[EXERCISE DATA — start]

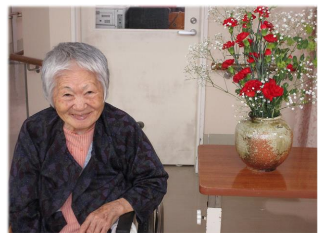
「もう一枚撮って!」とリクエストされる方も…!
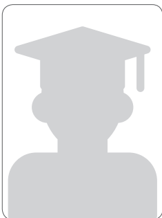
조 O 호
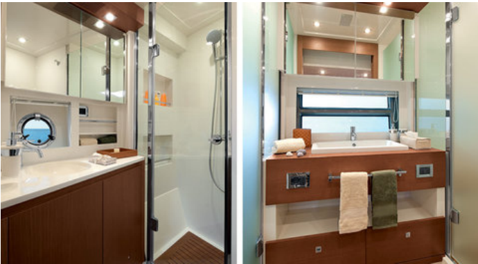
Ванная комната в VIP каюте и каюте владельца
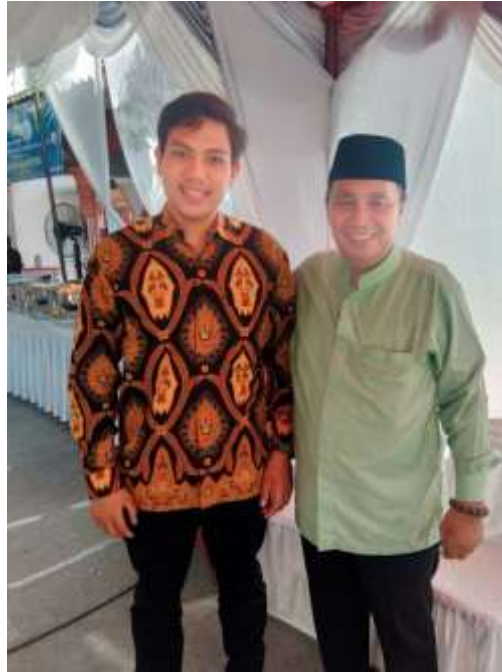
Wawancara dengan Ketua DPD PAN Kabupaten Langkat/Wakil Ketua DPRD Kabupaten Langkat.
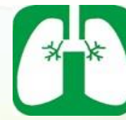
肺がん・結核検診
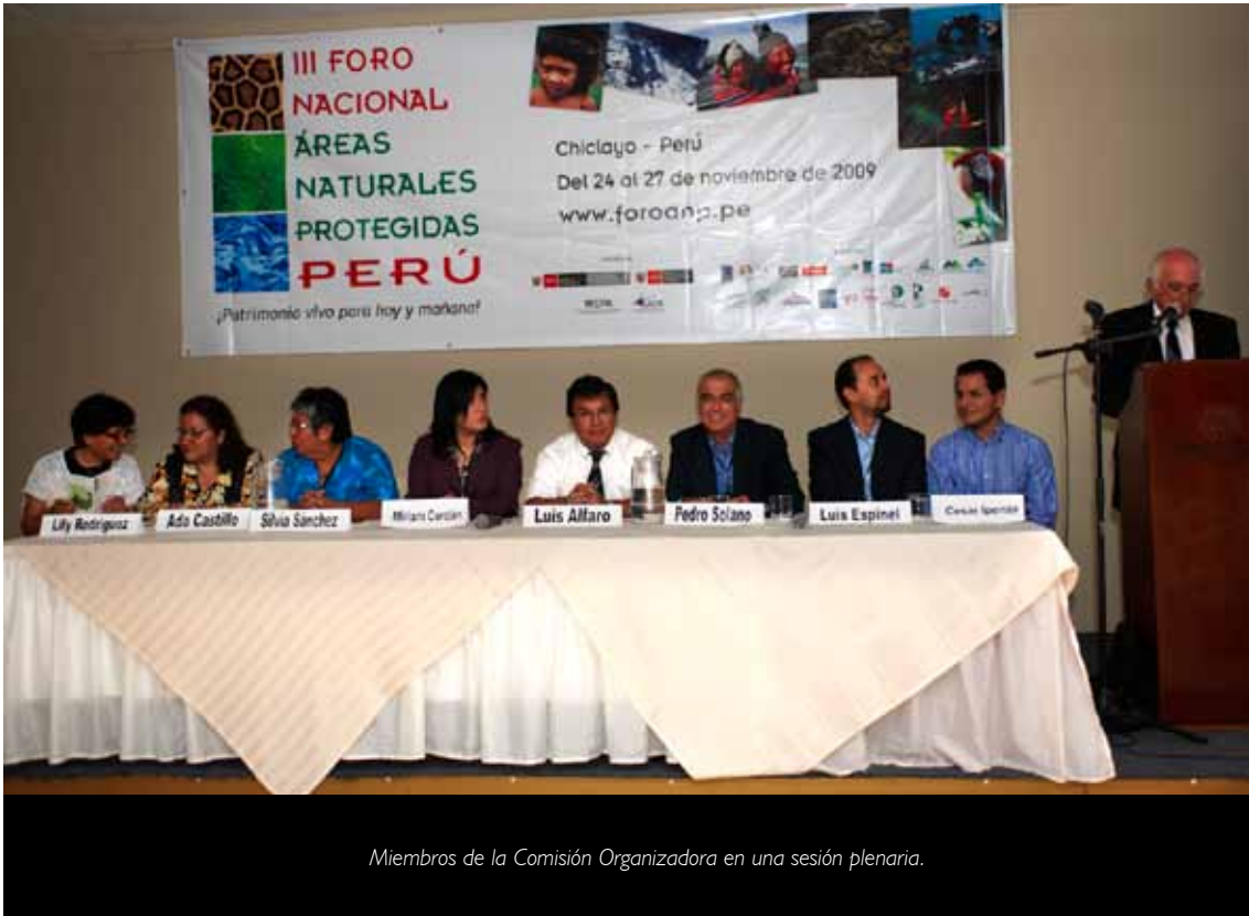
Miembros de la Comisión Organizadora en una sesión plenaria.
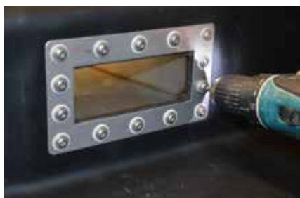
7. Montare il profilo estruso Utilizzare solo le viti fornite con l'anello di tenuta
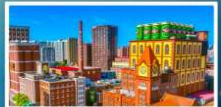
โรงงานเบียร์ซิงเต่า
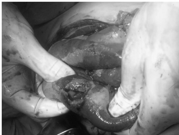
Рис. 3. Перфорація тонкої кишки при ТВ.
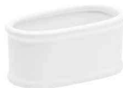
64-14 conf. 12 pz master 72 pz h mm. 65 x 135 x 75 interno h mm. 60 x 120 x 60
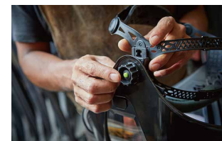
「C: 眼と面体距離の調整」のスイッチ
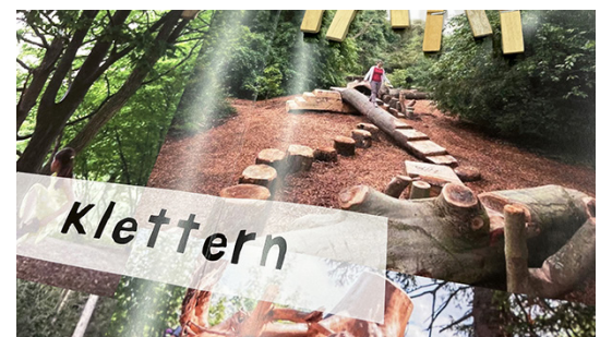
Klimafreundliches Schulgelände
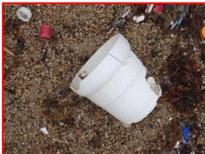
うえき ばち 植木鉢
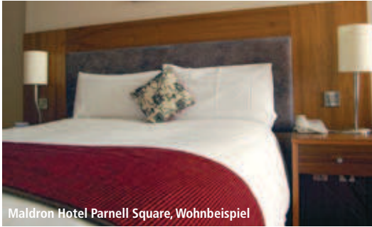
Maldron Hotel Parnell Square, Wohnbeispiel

[EXERCISE DATA — finish]

WORK INSTRUCTION: Every entry must be written out exactly, with all pictures left out.

TASK RESPONSE:
「もう一枚撮って!」とリクエストされる方も…!
조 O 호
Ванная комната в VIP каюте и каюте владельца
Wawancara dengan Ketua DPD PAN Kabupaten Langkat/Wakil Ketua DPRD Kabupaten Langkat.
肺がん・結核検診
Miembros de la Comisión Organizadora en una sesión plenaria.
7. Montare il profilo estruso Utilizzare solo le viti fornite con l'anello di tenuta
โรงงานเบียร์ซิงเต่า
Рис. 3. Перфорація тонкої кишки при ТВ.
64-14 conf. 12 pz master 72 pz h mm. 65 x 135 x 75 interno h mm. 60 x 120 x 60
「C: 眼と面体距離の調整」のスイッチ
Klimafreundliches Schulgelände
うえき ばち 植木鉢
Maldron Hotel Parnell Square, Wohnbeispiel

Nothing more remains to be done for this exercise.